Business Standard

Tribunal upholds ~10,000-crore tax demand on Cairn

- DILASHA SETH & JYOTI MUKUL

An income-tax (I-T) tribunal has upheld the much-discussed capital gains tax demand of ~10,247 crore on British oil major Cairn, under the controvers­ial retrospect­ive amendment to the law.

In an order on Thursday, the I-T Appellate Tribunal (ITAT) here has, however, given relief to the company on interest charges of ~18,800 for delayed payment of tax, on the ground that this was a retrospect­ive levy.

The tax will have to be paid by the company unless it decides to challenge the order in a high court, said experts. Alongside, an internatio­nal arbitratio­n proceeding between Cairn and the government might continue.

The ITAT said keeping the issue unnecessar­ily pending on the plea that a related case was under internatio­nal arbitratio­n would not be proper, as there was no timeline available about the disposal of the latter case. Also, ITAT observed, its ruling could well be applied to the arbitratio­n proceeding.

A person in the know said final hearings on the arbitratio­n matter would happen in January 2018.

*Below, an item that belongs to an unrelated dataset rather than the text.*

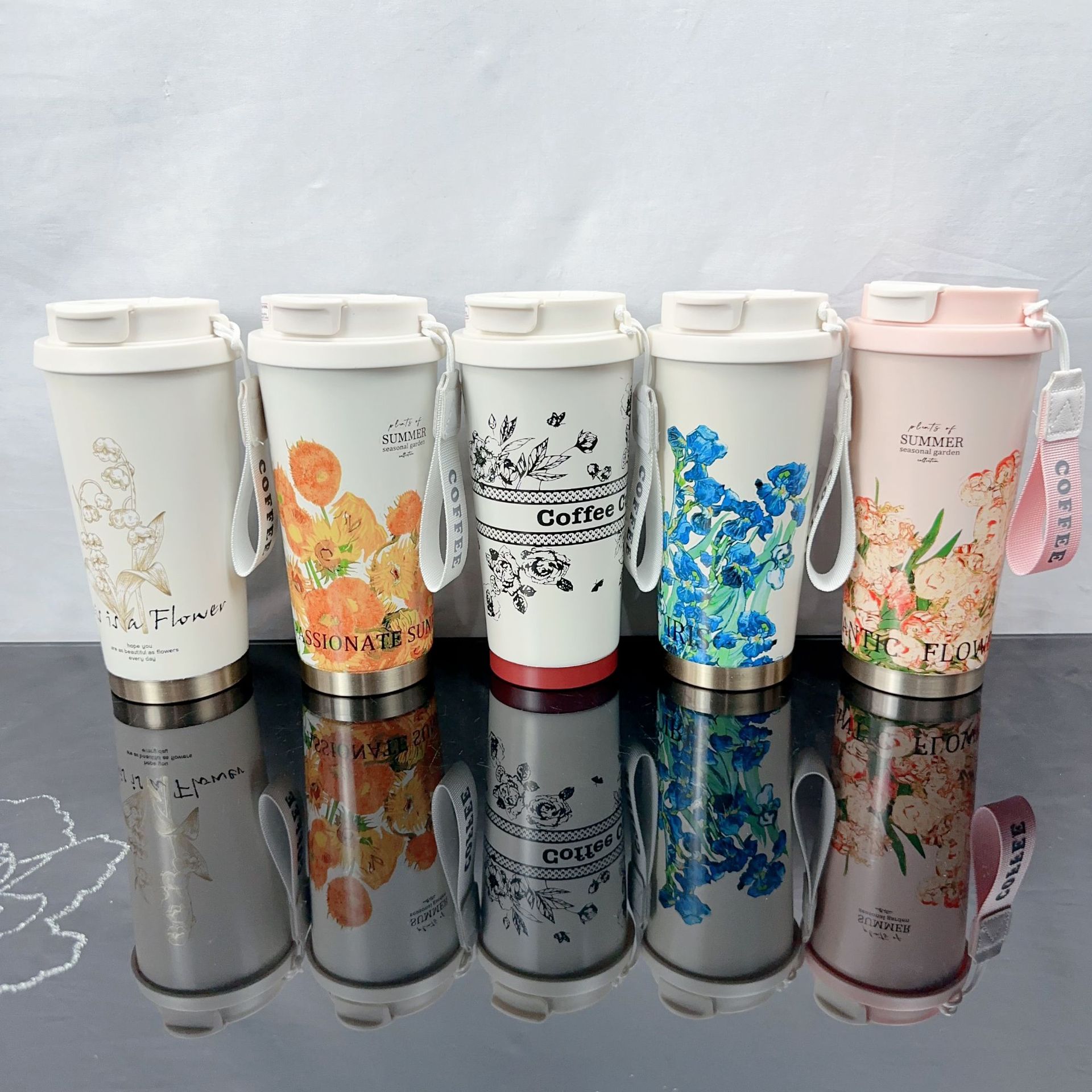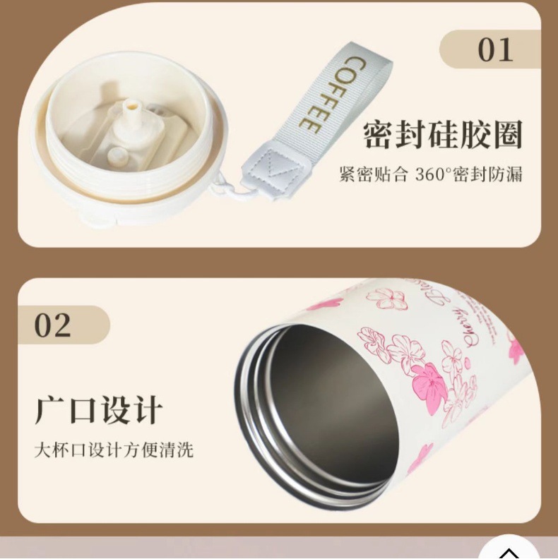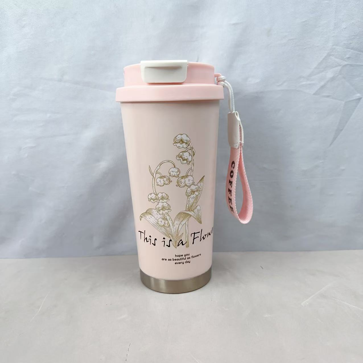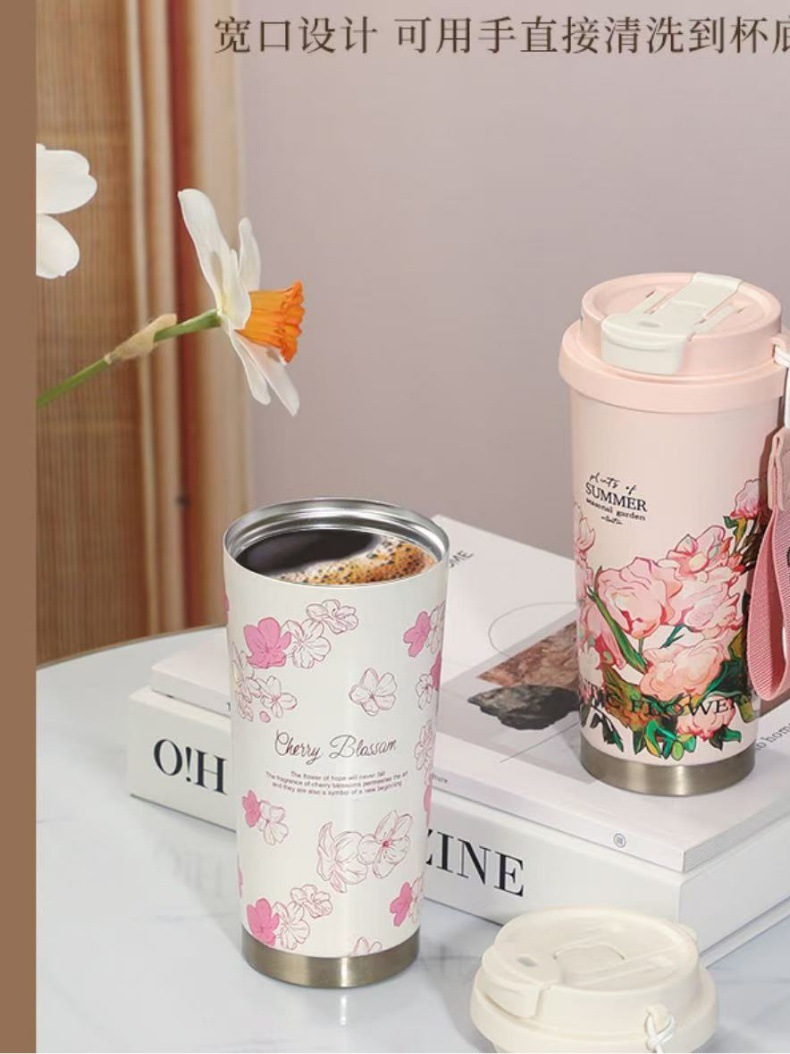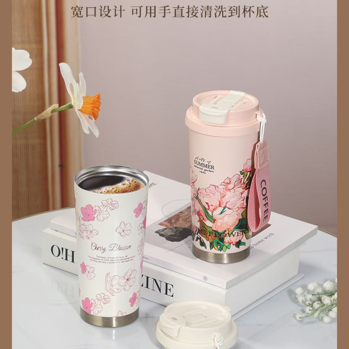新款铃兰花双饮咖啡杯316不锈钢真空保温杯女水杯高颜值随手杯子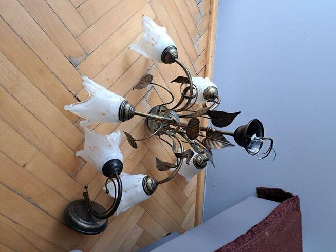 Sprzedam metalową lampę sufitową, na cztery żarówki + metalowy kinkiet na jedną żarówkę. Komplet bez żarówek. Stan ...

While tax experts say the order will not go down well with foreign investors, the I-T department officials said this will bolster India's position in the internatio­nal arbitratio­n tribunal.

“(Upholding of ) this tax demand is not likely to go down well with foreign investors,” said Rakesh Nangia, managing partner at legal entity Nangia & Co.

The tax liability was under section 9(1) (i) of the I-T Act. This says an indirect transfer of assets situated in India would be liable to be taxed in this country if the value of such assets exceeds ~10 crore and represents at least half the total value of assets owned by the company. Naveen Wadhwa of Taxmann says any such business reorganisa­tion that satisfies this section would be liable to be taxed in India. An official spokespers­on of Cairn Energy Plc said the company had no comments to offer.

An I-T official said it is clear that layers of companies were created by Cairn only for this transactio­n.

“It was a very deliberate attempt to evade taxes. It is a big decision for the department. All wings of the department, including assessment, board, dispute resolution and officers, worked closely and in a coordinate­d manner to present a good case before the ITAT,” he said.

The demand was in respect of Cairn UK transferri­ng shares of Cairn India Holdings to Cairn India, as part of an internal group reorganisa­tion in 2006-07. This gave rise to different interpreta­tions on whether the UK-based company made capital gains, preceding an initial public offering (IPO) of shares by Cairn India.

The I-T department contended Cairn UK made a capital gain of ~24,503.5 crore. Before the Cairn India IPO, the India operations of Cairn Energy were owned by a company called Cairn India Holdings-Cayman Island and its subsidiari­es. Cairn India Holdings was a fully owned subsidiary of Cairn UK Holdings, in turn a fully owned subsidiary of Cairn Energy.

At the time of the IPO, ownership of the India assets was transferre­d from Cairn UK Holdings to a new company, Cairn India. In 2006, Cairn India acquired the entire share capital of Cairn India Holdings from Cairn UK Holdings. In exchange, 69 per cent of the shares in Cairn India were issued to Cairn UK Holdings. Hence, Cairn Energy, through Cairn UK Holdings, held 69 per cent in Cairn India.

Later, in 2011, Cairn Energy sold Cairn India to mining billionair­e Anil Agarwal’s Vedanta Group, barring a minor stake of 9.8 per cent. It wanted to sell the residual stake as well but was barred by the I-T department from doing so. The government also froze payment of dividend by Cairn India to Cairn Energy; it recently agreed to lift that freeze.